WRITER – Jose Rivera,Tim Sullivan

CAST – Amanda Seyfried, Christopher Egan, Gael García Bernal, Vanessa Redgrave

MUSIC – Andrea Guerra

Love stories have a few beliefs set in stone. That believers in love are forever moon-struck and looking for romance in every little stone and that non-believers will be transformed for life by the simple magic touch of love. In keeping with the stereotype Sophie is a sensitive romantic with lights in her eyes and Charlie is the cynic, preferring to call himself a ‘realist’. His grandmother’s love-story brings them together in what is meant to be a love story as enduring as Romeo and Juliet’s. The outcome? Something that meanders between warm and lukewarm…

The film is set in romantic Italy, Verona to be specific. The land of Juliet and Romeo. Yes, in that order because in the legendary house of the Capulets lives a tradition where love-torn hearts write letters to Juliet for advice and her secretaries reply with as much passion and belief as Juliet would have. On a pre-marriage honeymoon with her fiancé, Sophie finds herself alone and amongst this group of ‘love-workers’. Enticed, she joins them and happens to answer an unanswered letter of fifty years ago, imploring the lady to find her lover if she truly loved him.

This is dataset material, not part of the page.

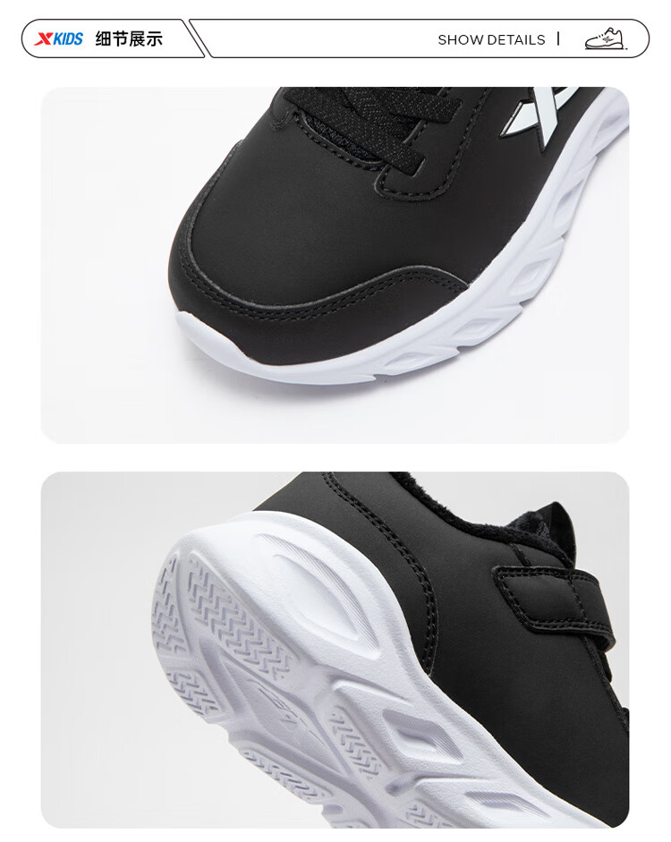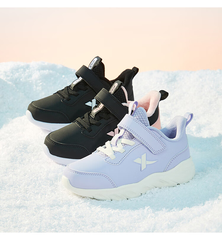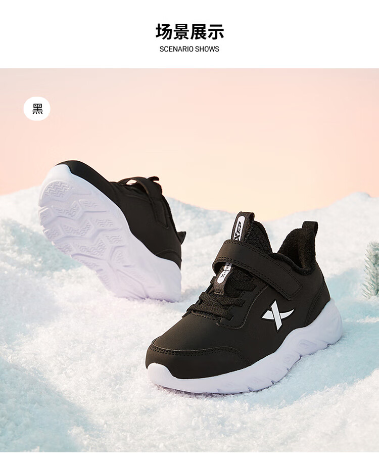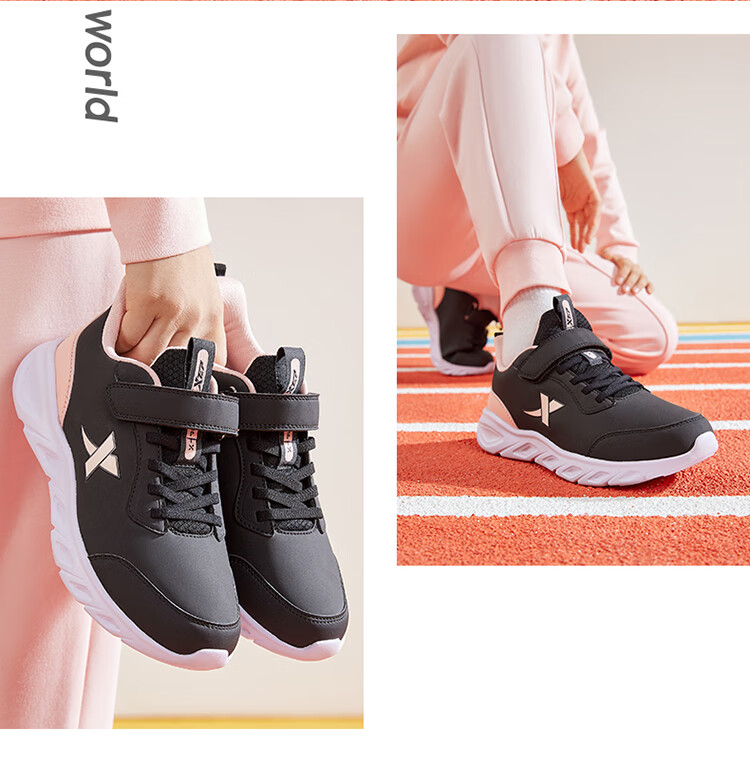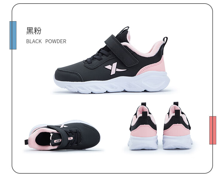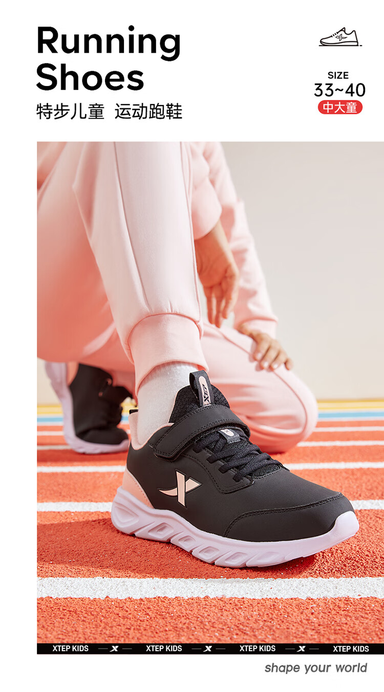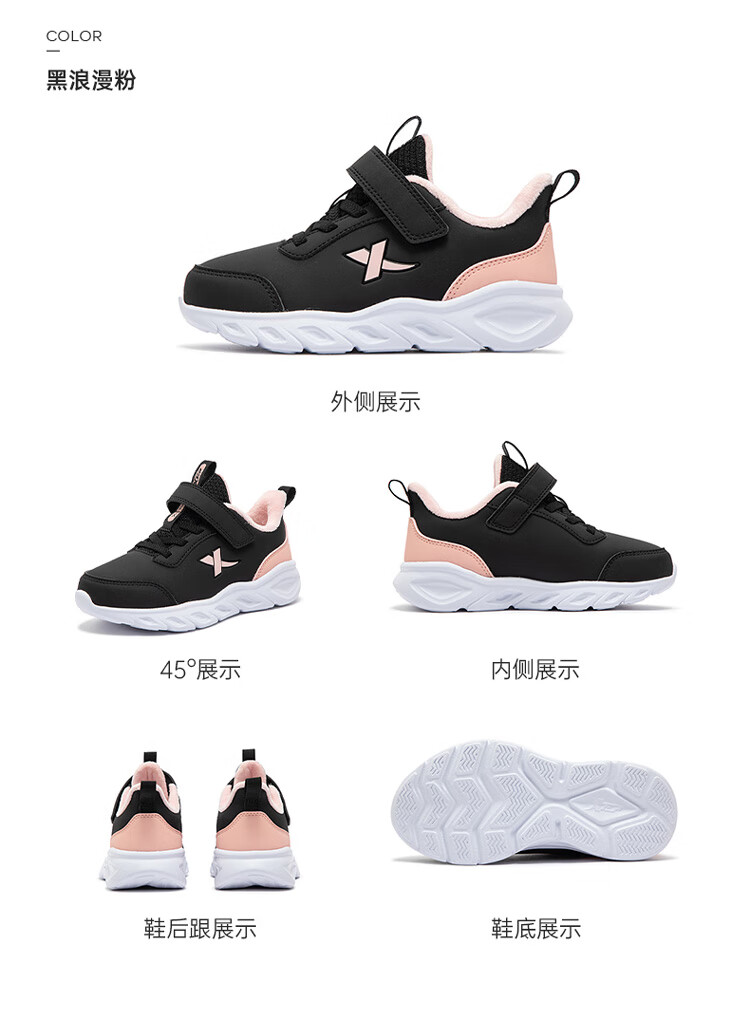 XTEP (XTEP) optionale Samt-Kinderschuhe 2025 Frühling und Herbst Jungen- und Mädchensportschuhe kleine, mittlere und große Kinderlaufschuhe Schwarz/Romantisches Rosa (Samt) 35

This happens to be Charlie’s grandmother and hence starts the tale of finding romance in Juliet’s Verona.

Fifty yeas back, Claire (Vanessa Redgrave) had loved Lorenzo (Remo Remotti) but not kept her promise. Fifty years hence she is back to look for him. Sophie joins her and her disapproving grandson Charlie on a search for finding her true love. In keeping with the love story formula, Sophie (Amanda Seyfried who with her pretty, blonde good looks and petite frame, makes for the Juliet-esque charm well) is in a relationship that is not working. Her fiancé Victor played by the versatile and ever-dependable Gael García Bernal is too busy for her and their worlds refuse to merge. Step in Charlie with his boyish charm and a hidden warm heart and the mix is just right.

Just that it’s not sizzling enough. The film sparkles with promise with its beautiful setting, simple characters and striking cinematography. Sun-filled frames brighten up the screen and Sophie’s eyes as much as the straight-forward screenplay and dialogue move things naturally. However, this straight-forward-ness limits the scope of the story as well as the emotions, leaving behind a tepid love story that could be found on any street of the world. A love story that did not need to invoke Juliet and her balcony for it.

It is true that love stories are like flowers, some lilies some passionate roses. But at the end of it, what is a love story that does not invoke passion and tears of belief in the elusive ‘dream-come-true’ most of us are waiting to believe in?